What is quality data?

All data reported through True Impact must be categorized by its source. Top-level categories include:

  • Direct measurement of program results, including testing, monitoring, or reporting by the beneficiaries or program implementers, using subjective or objective evaluation criteria.
  • Estimate based on data from other, similar programs; indirect tracking of outcomes (e.g., government data); or the program's past results.
  • Guess based on experience, anecdotal results, or logical assumptions.

The first two categories – direct measurement and estimate based on data – are considered high-quality (or evidence-based) data, providing some validation for the reporting organization’s assertions. Guesses are considered low-quality data (better than nothing, but an area that should be improved).

 

How do nonprofits report out on outcomes when their program isn’t complete?

True Impact's reporting system guides nonprofits through creating a social impact report no matter what stage of program implementation they are in.

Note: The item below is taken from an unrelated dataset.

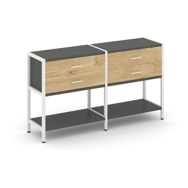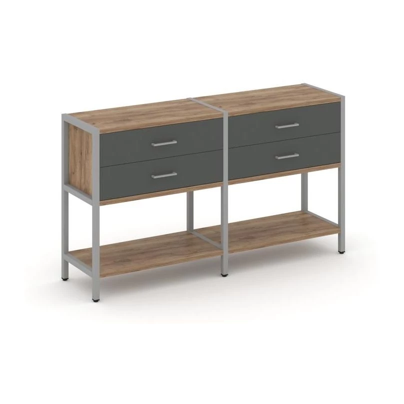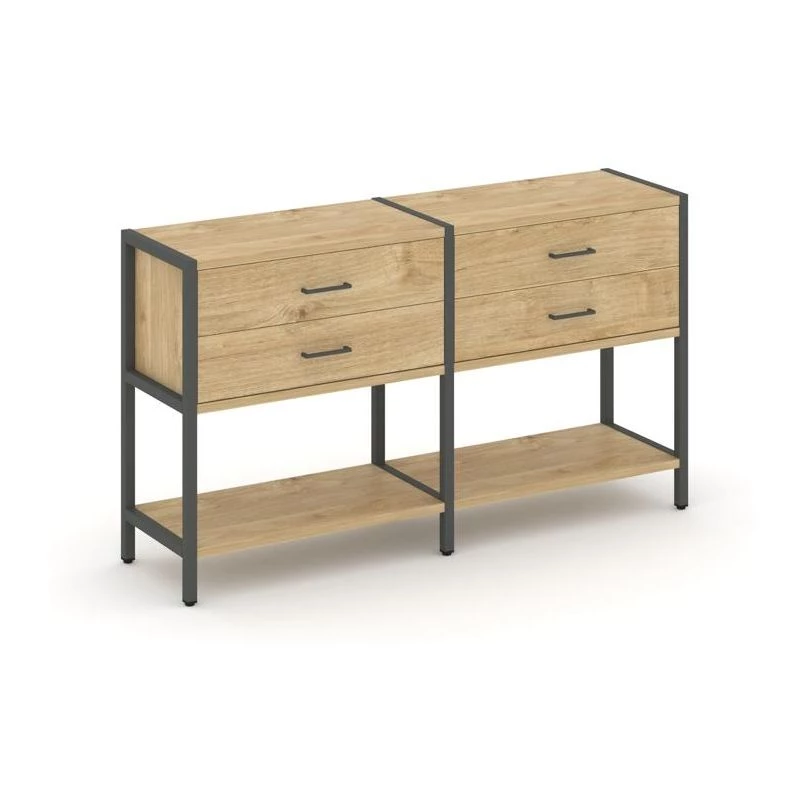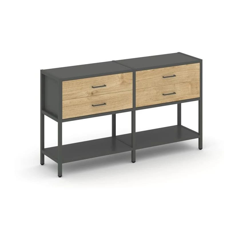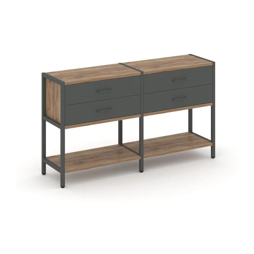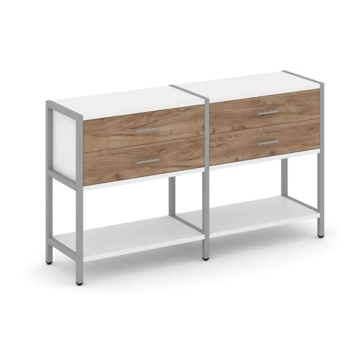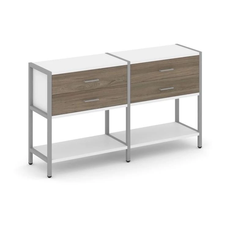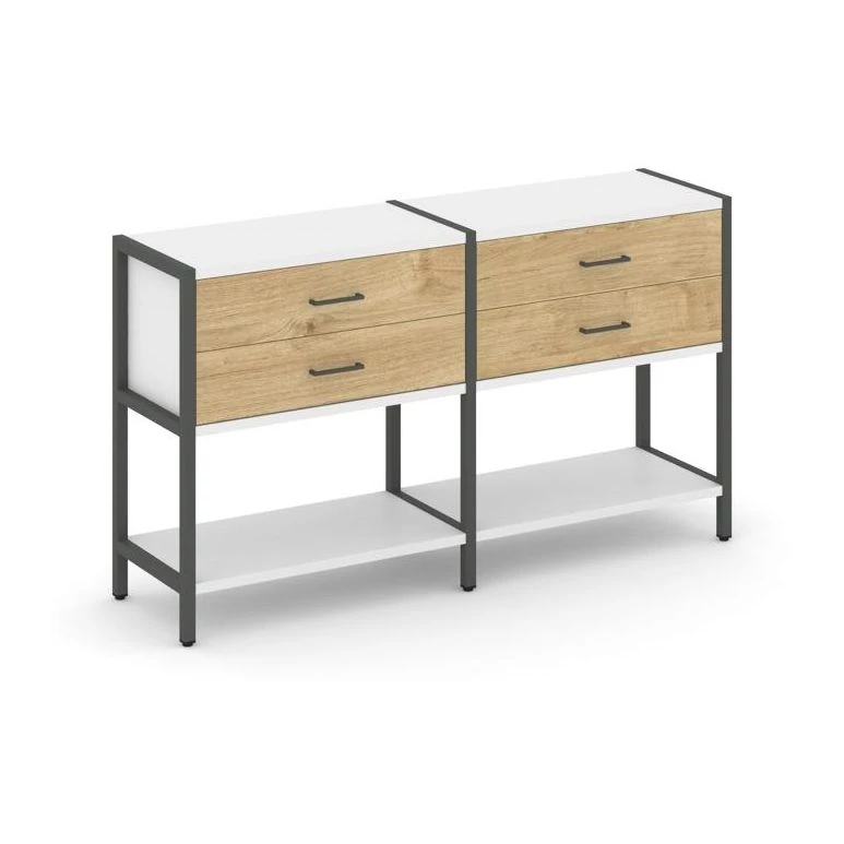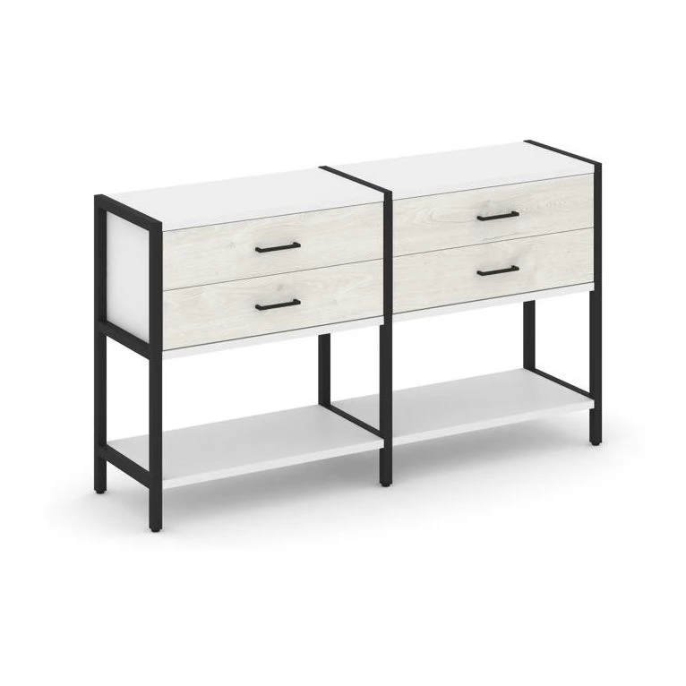 - Двухсекционный стеллаж двухярусный с ящиками 1590х400х879 Shelf System

If a nonprofit is just starting their program or period of philanthropic support, or if their program or support period is underway but not complete, they create an Initial Forecast or Interim Report. In each case, they report the impacts they anticipate generating at the end of the program or support period. In this way, it’s much like a statement of work or business plan.

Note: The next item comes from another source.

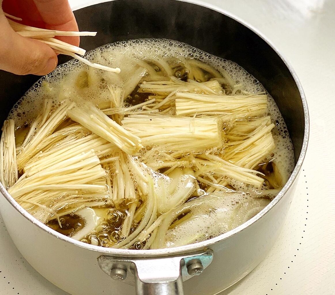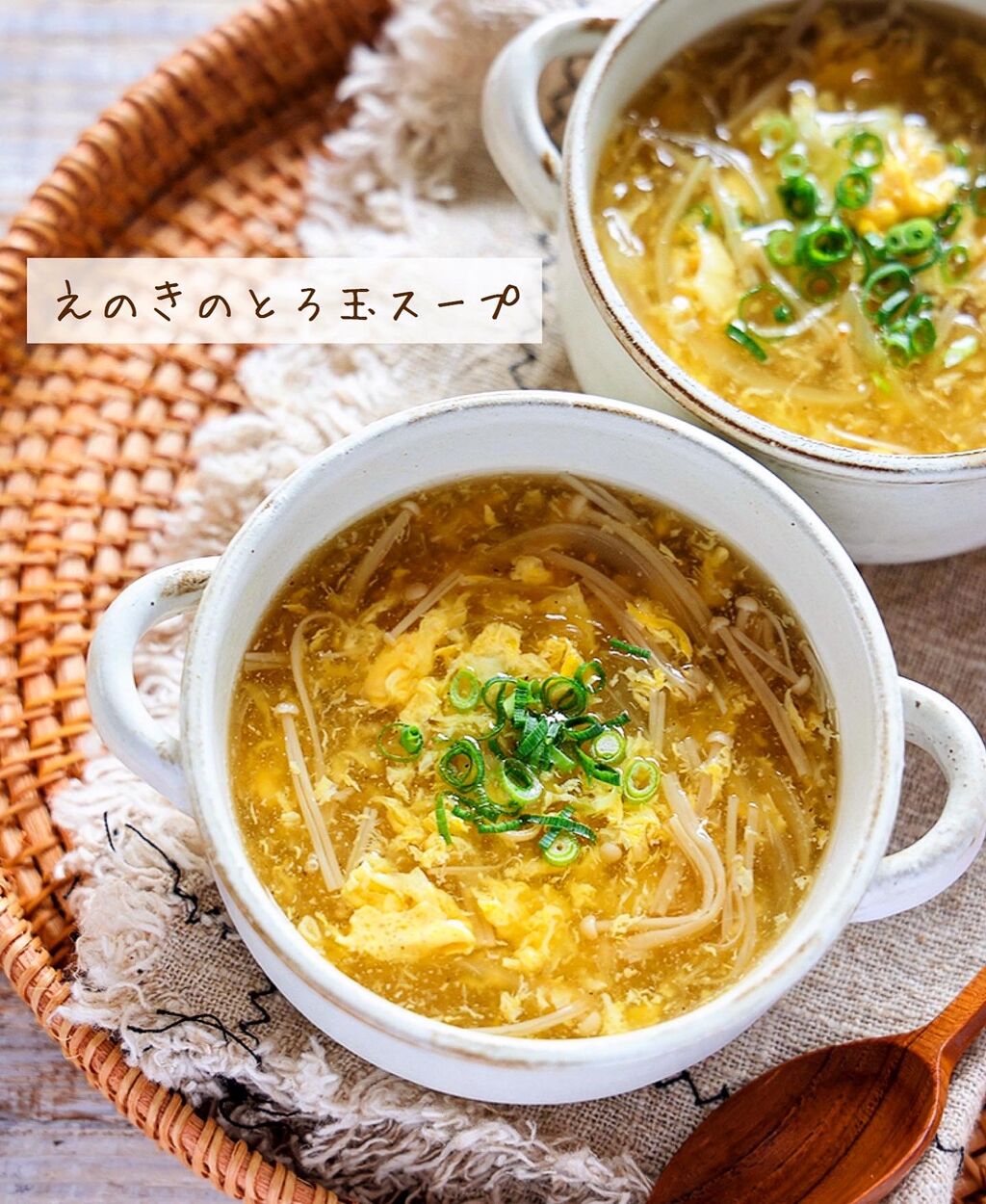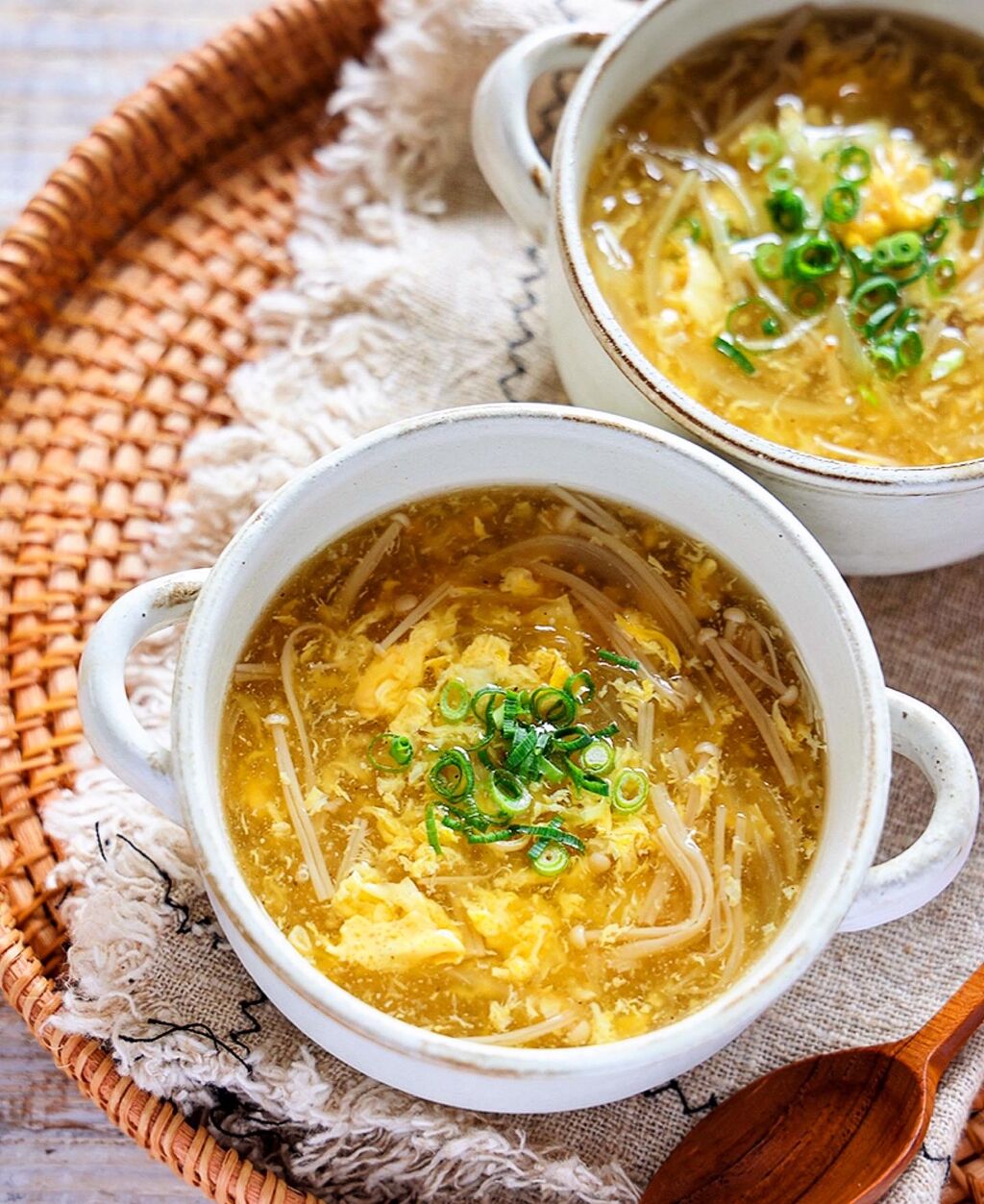 1.えのきは根元を切り落とし、長さを半分に切る。玉ねぎは薄切りにする。卵は溶きほぐす。片栗粉は水大1(分量外)で溶いて水溶き片栗粉を作る。

For programs with a long track record, these projections can be very accurate; for new programs, expectations for accuracy tend to be lower. In either case, the nonprofit knows they will be asked to update the report with actual results when the Initial Forecast or Interim Report transitions to the Final Report stage (at the close of the philanthropic support period). As a result, there is a strong incentive to create projections in the Initial Forecast or Interim Reports that are accurate as possible.

Having access to both the final results and the variance between the projections and actuals presents a rich source of data for program managers and executive leadership alike.

 

How are the beneficiary demographic details collected from grantees?

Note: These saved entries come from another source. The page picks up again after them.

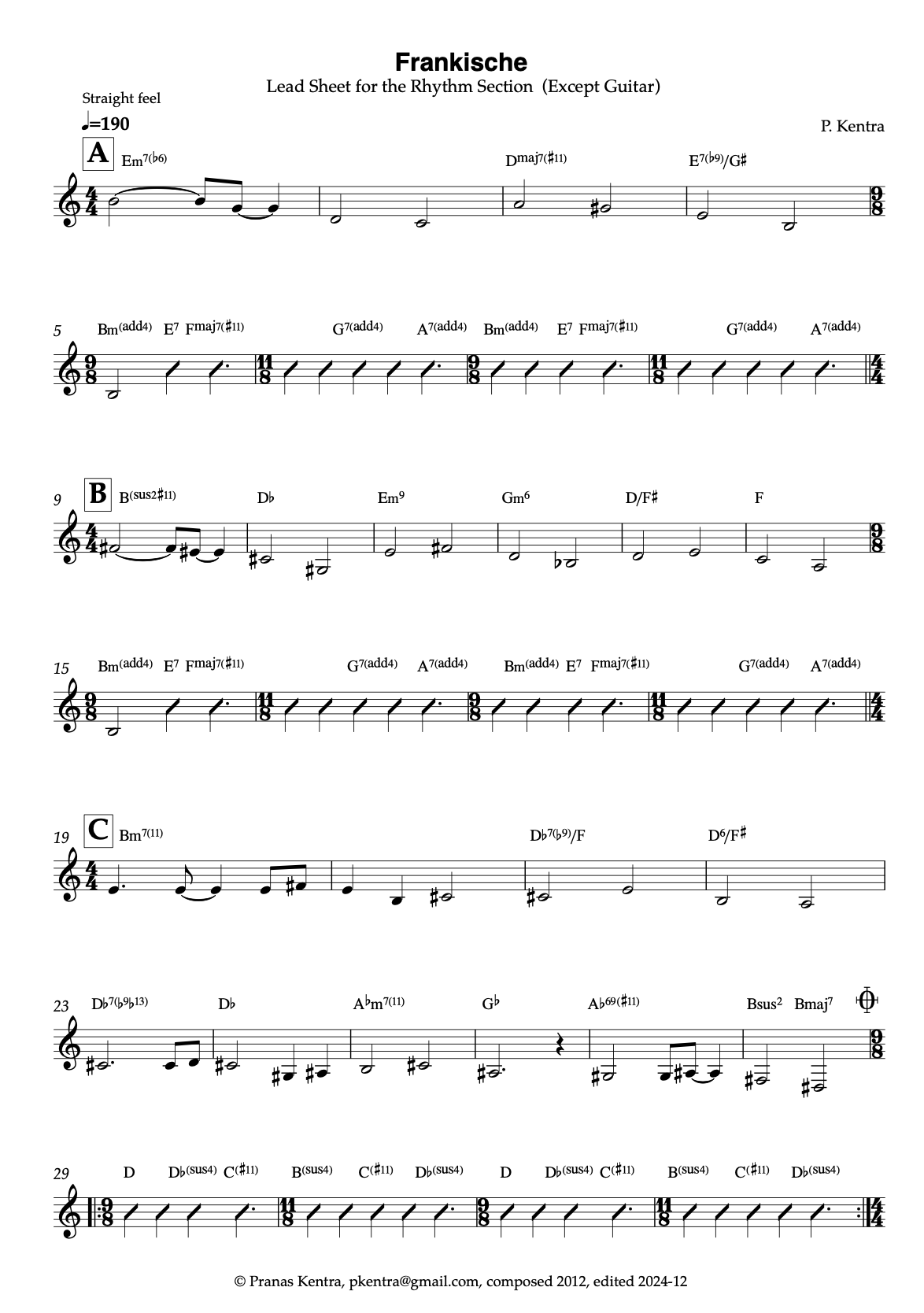 Frankische (Head In, Head Out, Special Part, Coda, and Lead Sheet in C)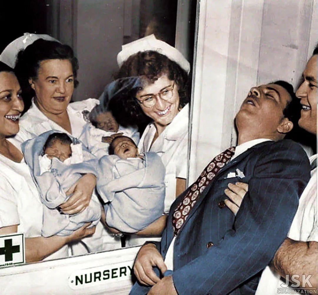 In February 1946, a photograph of a father seemingly fainting after seeing his newborn triplets for the first time became a sensation.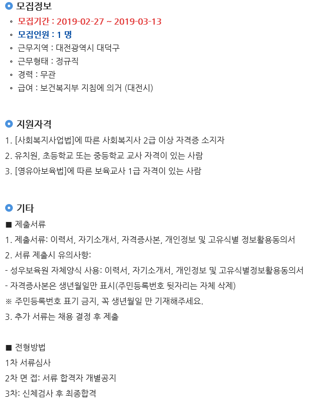 19-02-27 11:49 (공고) 생활지도원 모집 페이지 정보 작성자 성우보육원 댓글 0건 조회 7,716회 본문 생활지도원 모집관련, 복지넷 공고(공고번호: 493833)참고해주세요. 목록 댓글목록 댓글목록 등록된 댓글이 없습니다.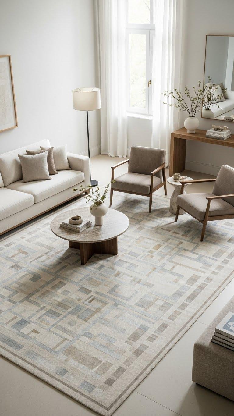 Favor geometric layering for interest—overlapping scales, muted motifs—and let tactile restraint and clean proportion offer freedom, so your space breathes without fuss.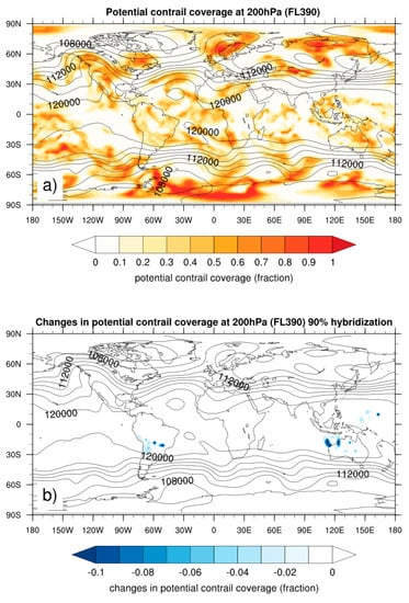 Figure 8a shows the PCC of conventional aircraft at 300 hPa (FL300) on a specific day. In contrast, the changes in PCC caused by 50% electric hybridization of HEA (i.e., R = 0.5 in Equation (3)) at the same altitude is given in Figure 8b. For the pure kerosene case, the contrails were mainly formed at the mid-latitudes and polar regions, where the local temperature was sufficiently low to form contrails. With 50% thrust power supplied by the battery, the reduction in contrail formation was observed at about 30° N and 40° S, where the tropopause climbed to the higher altitudes. The local temperature in this region was close to the temperature threshold for the pure kerosene aircraft. A transition to HEA lowered the temperature threshold by a few degrees Celsius. It was also noticeable that the contrail formation’s reduction was very much localized with a maximum value of around 0.4, which might have been related to the local temperature and humidity.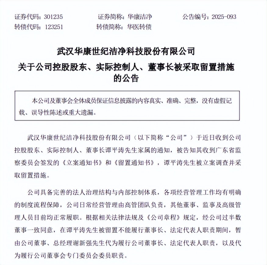 【環球網財經綜合報道】8月13日,華康潔淨公告稱,收到控股股東、實際控制人、董事長譚平濤家屬通知,譚平濤被廣東省監察委員會立案調查並採取留置措施。

In the Beneficiary section of the True Impact Report Builder, grantees select the demographic categories that best describe their program's beneficiaries.  The list of categories is based on a standardized taxonomy from Candid's (formerly the Foundation Center) Philanthropic Classification System. Once a grantee has identified the demographic categories that best describe their program's beneficiaries, grantees provide a percentage of their beneficiaries that fall into each category.
True Impact strongly encourages grantees to be as precise as possible but allows estimates and requires that grantees report on the end beneficiaries of their program rather than intermediaries or service providers. During the analysis process, True Impact calculates the number of people served within each demographic category enabling you to share with your stakeholders the different populations that benefit from your community investments. 
 
How does True Impact measure investments to activities other than individual programs such as fundraisers, galas, and general operations? 
Donors often give money to support galas, dinners, or other fundraisers intended to raise money for social investment activities. To report on the ultimate social impact of these funds, True Impact supports grantees in creating a social impact report for the specific programs supported by the fundraiser or gala. If the funds go to more than one program, True Impact guides grantees to create a report for each program supported by the fundraiser or gala. 
Investments into an organization's general operations support an entire organization.  True Impact guides grantees to create social impact reports for each program supported by the organization's general operating funds. It is also possible for a grantee to create a single composite report capturing the impacts of the entire organization but these reports are often less precise. In all cases, True Impact works closely with your grantees to communicate the ultimate social impact of your investments whether you are funding a specific program, a gala, or the organization's general operations.